→ What the task asks: Only the lines from the one bearing "- Tag: Polyester" through the end of the listing belong in your response, restated word for word and without pictures.

→ Source material:
========================================

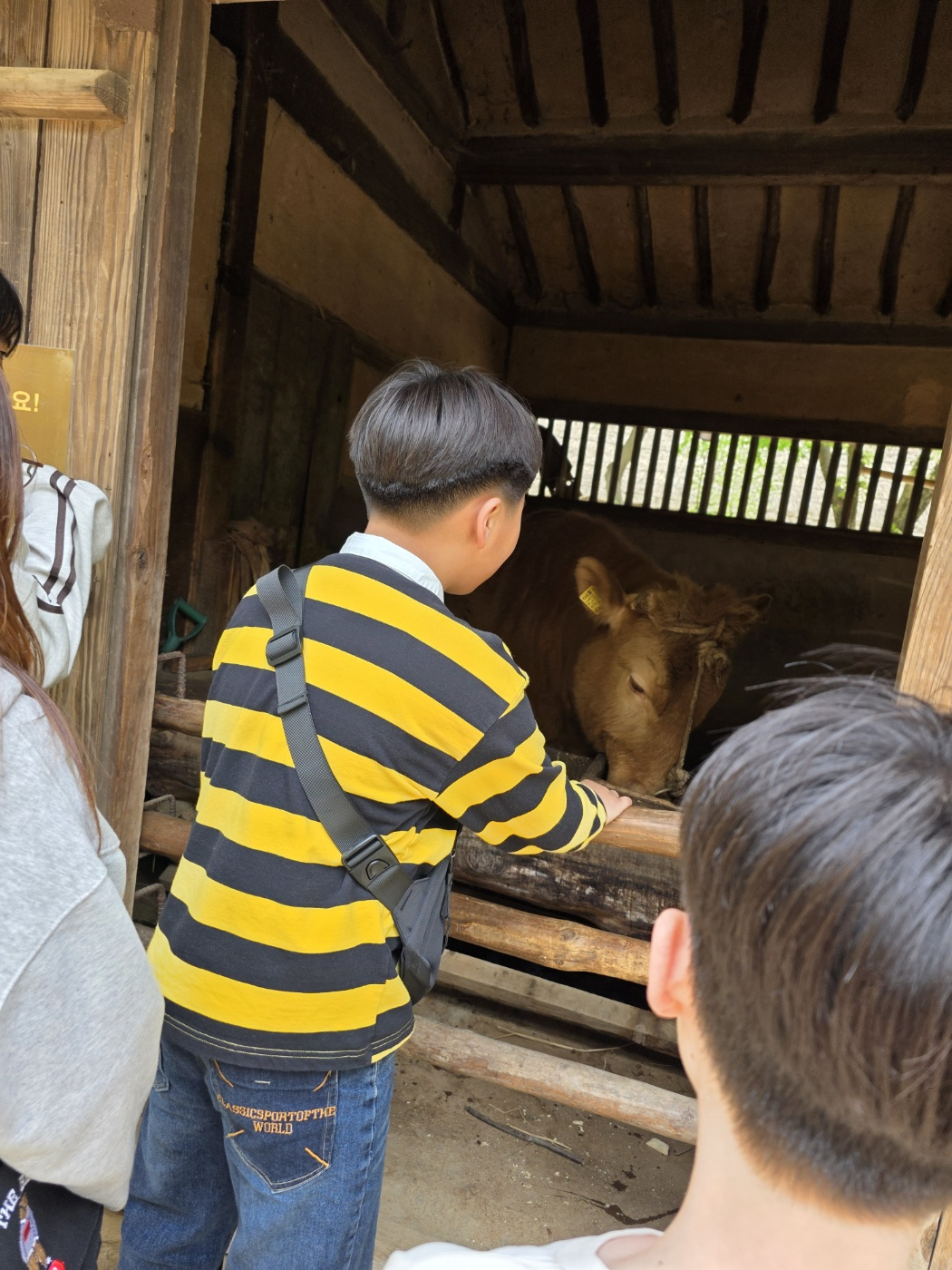 입장하자마자 전통 가옥들을 둘러보다 처음으로 ‘소’를 본 아이들은 무척 신기해했어요.
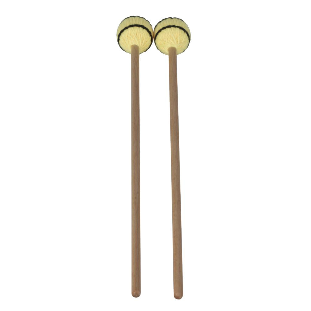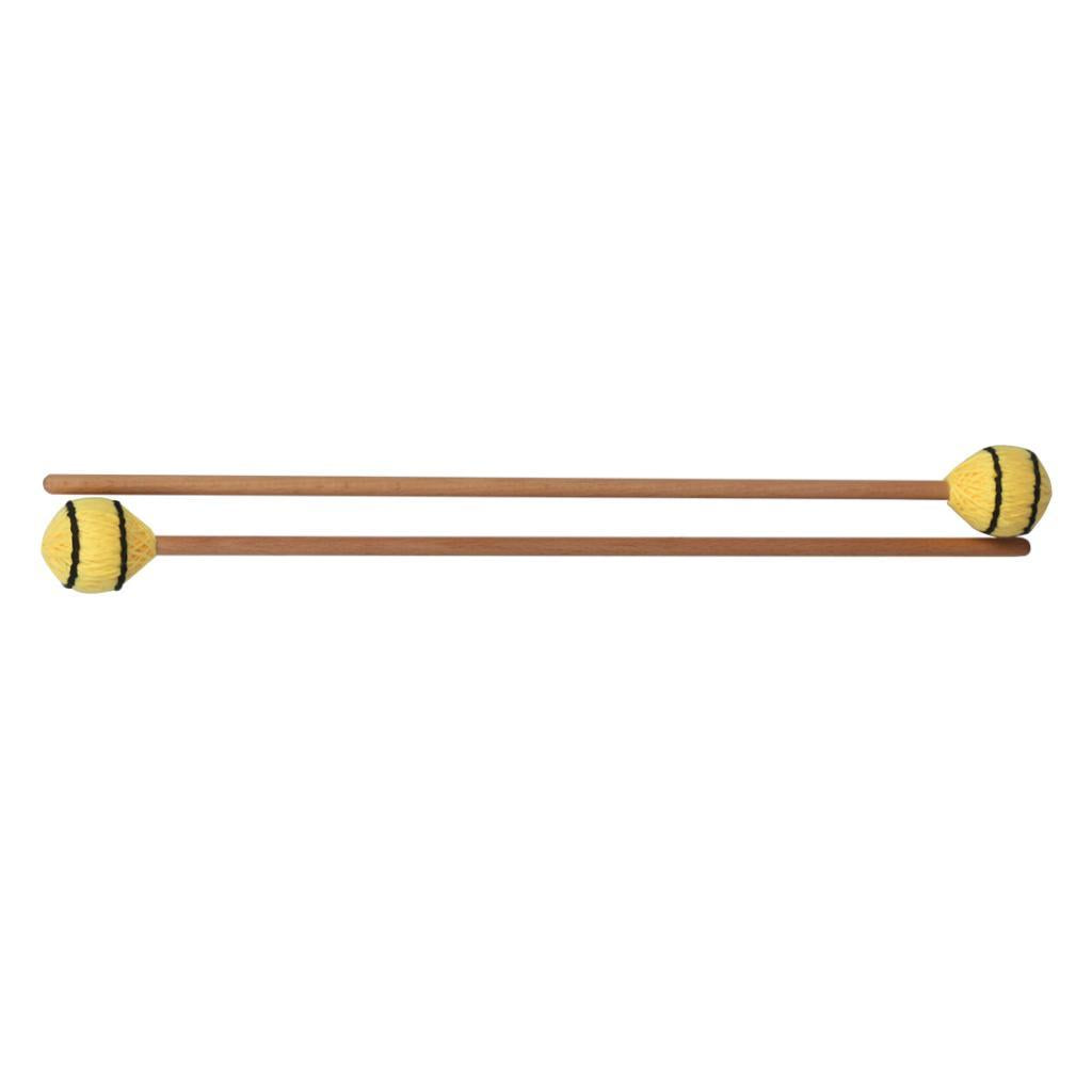 1 Pair Marimba Mallets with Beech Handle and Yellow Yarn Head.
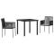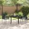 Ensemble de jardin de 3 pièces avec coussins, noir, en rattan polyuréthaneCet ensemble de chaises de jardin combine confort, style moderne et praticité, idéal pour se relaxer ou dîner à l'extérieur. Avec un cadre noir élégant et des coussins gris clair, elles sont faites pour donner du style à n'importe quel espace extérieur. Matériau Durable : Ces chaises sont faites en PE rotin de haute qualité, un matériau solide et facile à nettoyer, pour qu'elles restent belles longtemps. Assise Confortable : Chaque chaise a un coussin épais, ajoutant une touche agréable pour de longues assises, parfaites pour les rassemblements ou les repas. Aesthétique Moderne : Leur design tendance, avec une finition noire texturée, donne une touche chic à tout espace extérieur. Cadre Stable : Avec un cadre en acier enduit de poudre robuste, ces chaises offrent un bon soutien et une utilisation durable, convenant à tous sans sacrifier le confort. Entretien Facile : Un nettoyage simple avec un chiffon humide signifie que tu profites de tes chaises d'extérieur sans tracas, idéal pour les vies bien remplies. Maximum 110 kg par siège. Soyez conscient du risque de feux ouverts et d'autres sources de forte chaleur à proximité du produit.
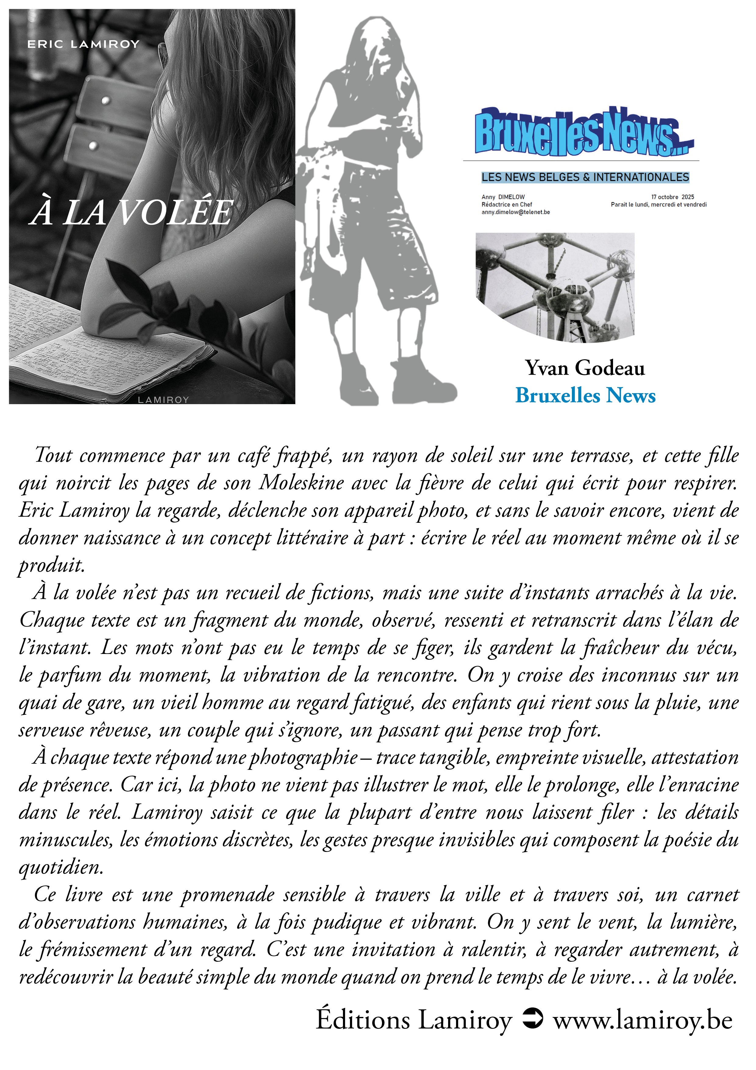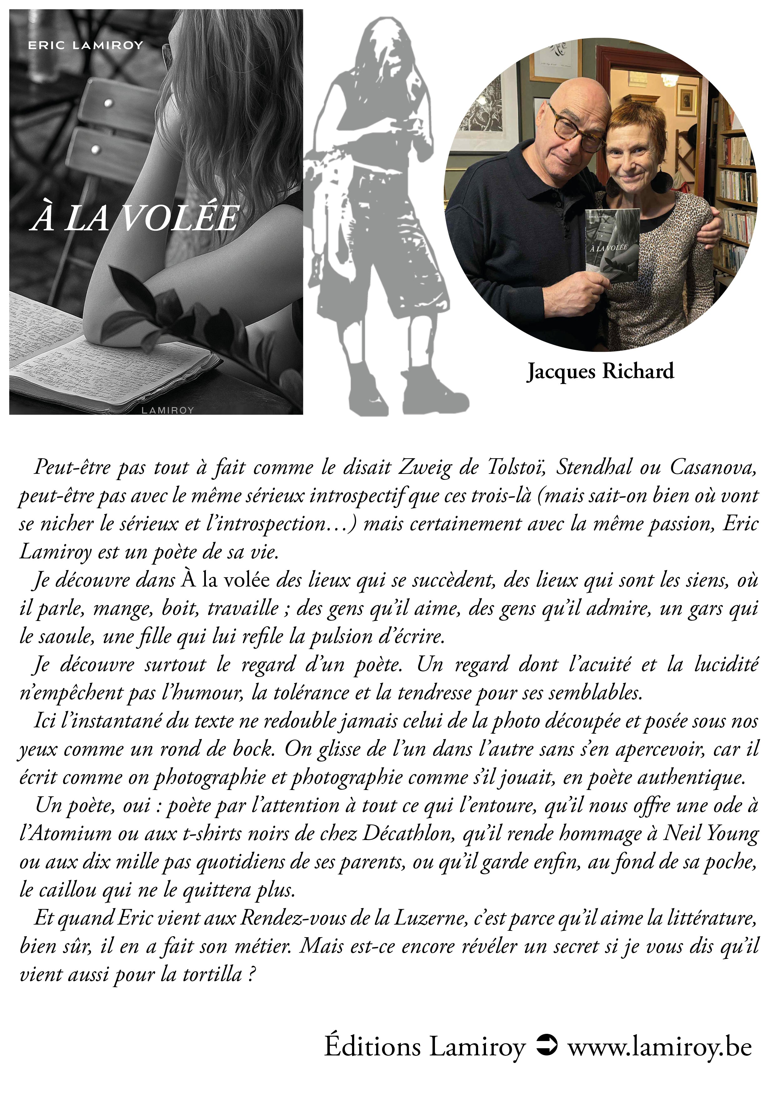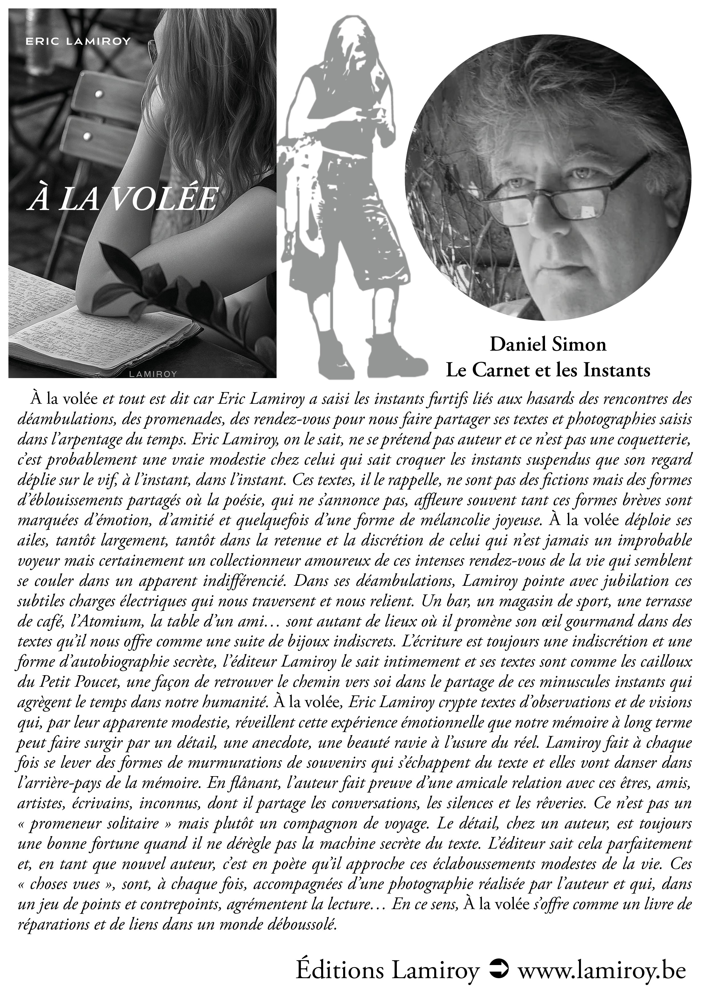À la volée et tout est dit car Eric Lamiroy a saisi les instants furtifs liés aux hasards des rencontres des déambulations, des promenades, des rendez-vous pour nous faire partager ses textes et photographies saisis dans l’arpentage du temps. Eric Lamiroy, on le sait, ne se prétend pas auteur et ce n’est pas une coquetterie, c’est probablement une vraie modestie chez celui qui sait croquer les instants suspendus que son regard déplie sur le vif, à l’instant, dans l’instant. Ces textes, il le rappelle, ne sont pas des fictions mais des formes d’éblouissements partagés où la poésie, qui ne s’annonce pas, affleure souvent tant ces formes brèves sont marquées d’émotion, d’amitié et quelquefois d’une forme de mélancolie joyeuse.
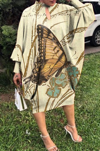 - Tag: Polyester , Fashion , Casual , Print , Batwing Sleeve , Long Sleeve , Mid Calf , Loose , Half A Turtleneck , Positioning Print , Hollowed Out
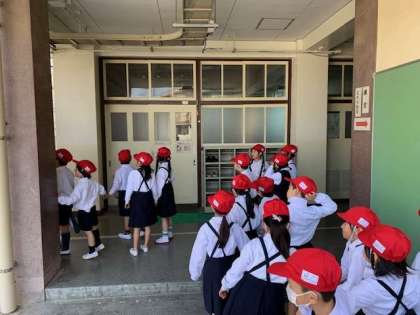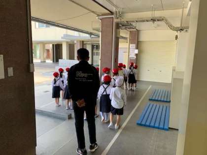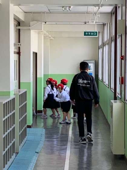 どこにどんな教室があるのか、担任の先生とサポートの先生とまわっています。どこにどんな教室があって、なんの部屋なのかを先生から教えてもらっています。
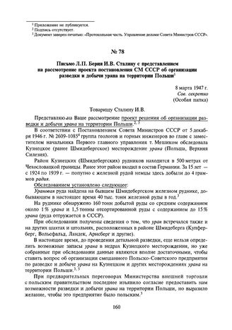 Письмо Л.П. Берия И.В. Сталину с представлением на рассмотрение проекта постановления СМ СССР об организации разведки и добычи урана на территории Польши. 8 марта 1947 г.
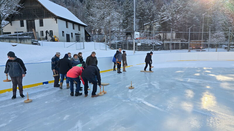 Im 3. Anlauf hat es endlich geklappt. Wir konnten Eisstock spielen gehen, es hatte Eis.

========================================

→ Output for this exercise:
 - Tag: Polyester , Fashion , Casual , Print , Batwing Sleeve , Long Sleeve , Mid Calf , Loose , Half A Turtleneck , Positioning Print , Hollowed Out
 どこにどんな教室があるのか、担任の先生とサポートの先生とまわっています。どこにどんな教室があって、なんの部屋なのかを先生から教えてもらっています。
 Письмо Л.П. Берия И.В. Сталину с представлением на рассмотрение проекта постановления СМ СССР об организации разведки и добычи урана на территории Польши. 8 марта 1947 г.
 Im 3. Anlauf hat es endlich geklappt. Wir konnten Eisstock spielen gehen, es hatte Eis.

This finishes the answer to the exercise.